**What to work on:** Your task is to give the records again exactly. Leave each picture out.

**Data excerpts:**
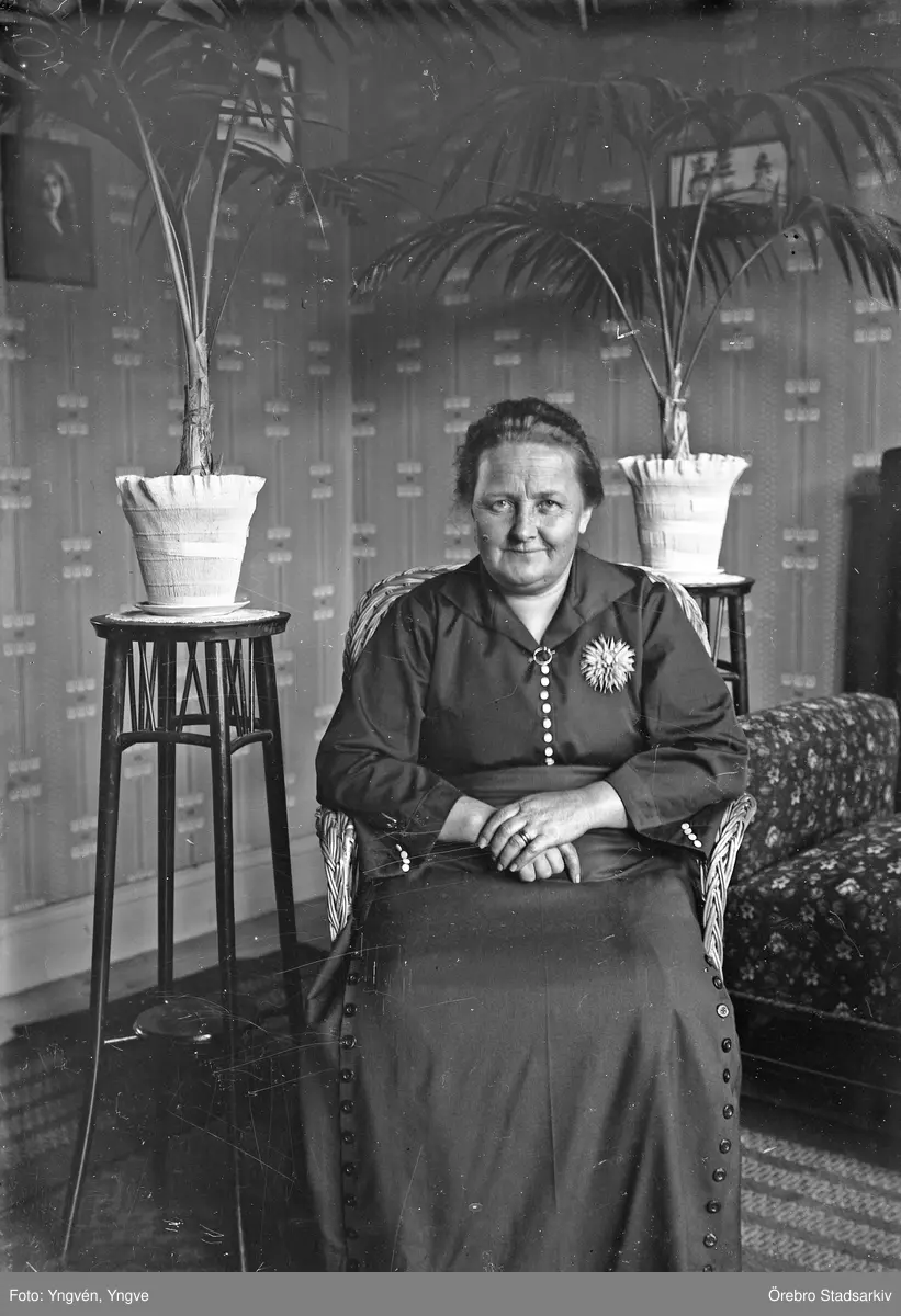 Porträtt av kvinna i korgstol, 1920-tal
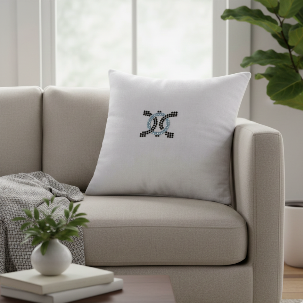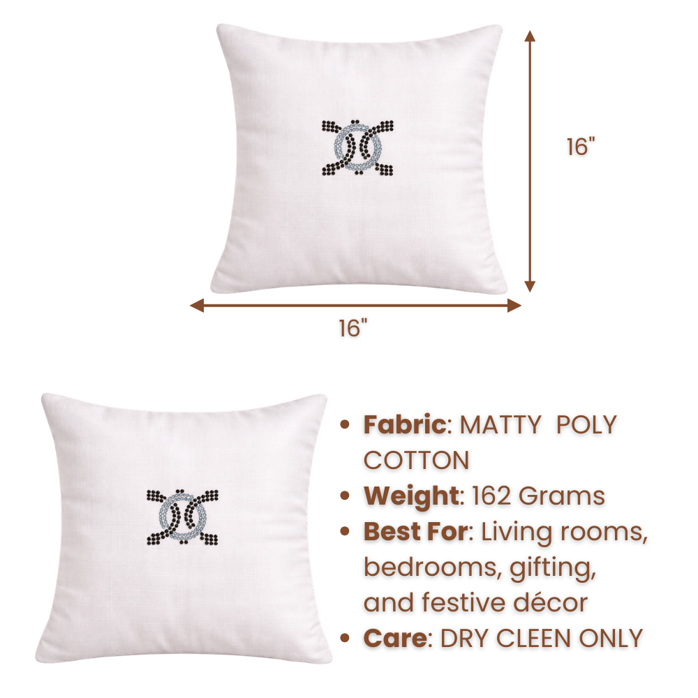 Bring a clean and elegant touch to your home décor with this Hand Crafted White Cushion Cover. Featuring a minimal embellished center design, it creates a refined and stylish accent that blends effortlessly with modern and contemporary interiors.
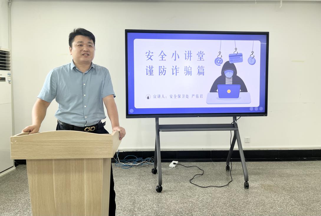 接着,安全保卫处严佑君、辅导员施正宇老师就新生安全防诈骗与心理健康工作两个主题进行介绍,新生开学是诈骗分子活动频繁的阶段,同时面对新的同学,新的群体也是最容易产生心理问题的时期。开学之际各位班主任应及时对新生进行安全教育培训,对有心理问题的学生及时进行疏导。
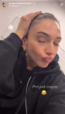 Pas disa ditësh qetësi, moderatorja u rikthye me një Instastory ku duket e relaksuar dhe me buzëqeshjen e saj karakteristike. Videoja shoqërohej pikërisht me frazën që e futi në qendër të vëmendjes: “Pret pak reagim”, me një emoji duke qeshur me lot, një kundërpërgjigje plot ironi për gjithë zhurmën online.
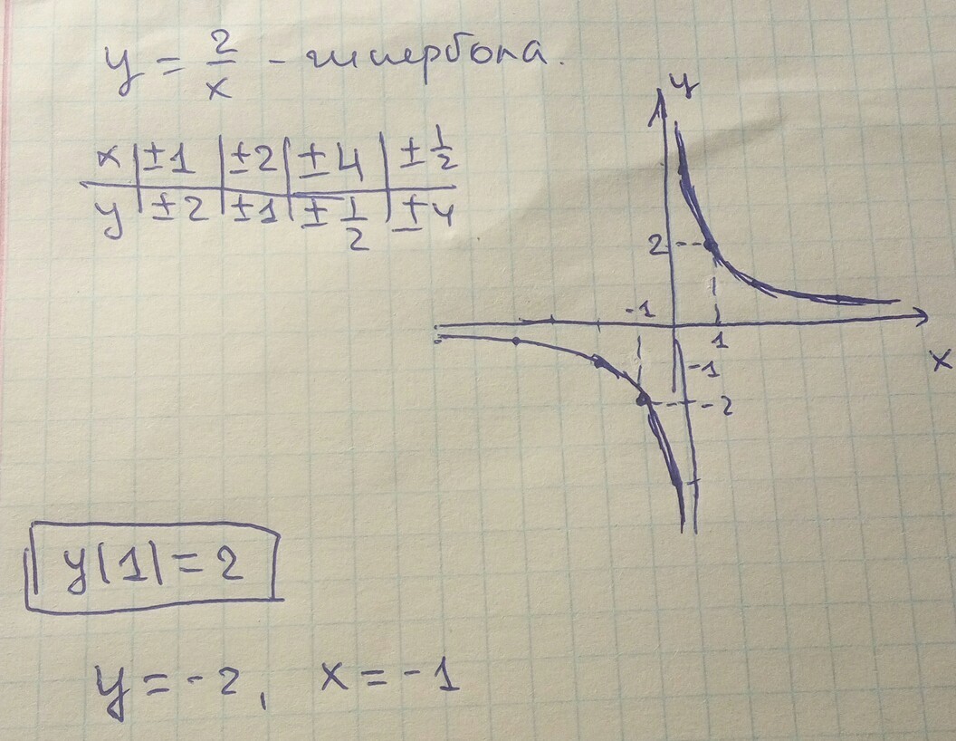 Построй график функции y=2:x. С помощью графика выясни значение y при x=1 и значение x, если y=-2
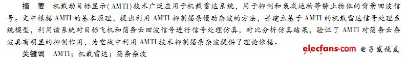 ??? 機(jī)械動(dòng)目標(biāo)顯示(AMTI)技術(shù)廣泛應(yīng)用于機(jī)械雷達(dá)系統(tǒng),用于抑制和衰減地物等靜止物體的背景回?fù)?a target='_blank' class='arckwlink_none'>信號(hào)。文中根據(jù)AMTI的基本原理,提出利用AMTI抑制箔條慢動(dòng)雜波的方法,并建立基于AMTI的機(jī)械雷達(dá)信號(hào)處理系統(tǒng)模型......
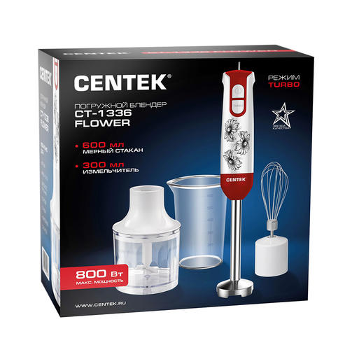 Блендер Centek CT-1336 Flower (белый/красн) 800Вт DC мотор, стакан 600мл, чоппер, венчик
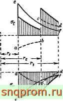 Эпюры о^и о^показаны на рис. 2Н, б, в сплошными линиями ef Находим результирующие напряжения и стенке внутреннего цилиндра:

**Written response:**
 Porträtt av kvinna i korgstol, 1920-tal
 Bring a clean and elegant touch to your home décor with this Hand Crafted White Cushion Cover. Featuring a minimal embellished center design, it creates a refined and stylish accent that blends effortlessly with modern and contemporary interiors.
 接着,安全保卫处严佑君、辅导员施正宇老师就新生安全防诈骗与心理健康工作两个主题进行介绍,新生开学是诈骗分子活动频繁的阶段,同时面对新的同学,新的群体也是最容易产生心理问题的时期。开学之际各位班主任应及时对新生进行安全教育培训,对有心理问题的学生及时进行疏导。
 Pas disa ditësh qetësi, moderatorja u rikthye me një Instastory ku duket e relaksuar dhe me buzëqeshjen e saj karakteristike. Videoja shoqërohej pikërisht me frazën që e futi në qendër të vëmendjes: “Pret pak reagim”, me një emoji duke qeshur me lot, një kundërpërgjigje plot ironi për gjithë zhurmën online.
 Построй график функции y=2:x. С помощью графика выясни значение y при x=1 и значение x, если y=-2
 ??? 機(jī)械動(dòng)目標(biāo)顯示(AMTI)技術(shù)廣泛應(yīng)用于機(jī)械雷達(dá)系統(tǒng),用于抑制和衰減地物等靜止物體的背景回?fù)?a target='_blank' class='arckwlink_none'>信號(hào)。文中根據(jù)AMTI的基本原理,提出利用AMTI抑制箔條慢動(dòng)雜波的方法,并建立基于AMTI的機(jī)械雷達(dá)信號(hào)處理系統(tǒng)模型......
 Блендер Centek CT-1336 Flower (белый/красн) 800Вт DC мотор, стакан 600мл, чоппер, венчик
 Эпюры о^и о^показаны на рис. 2Н, б, в сплошными линиями ef Находим результирующие напряжения и стенке внутреннего цилиндра:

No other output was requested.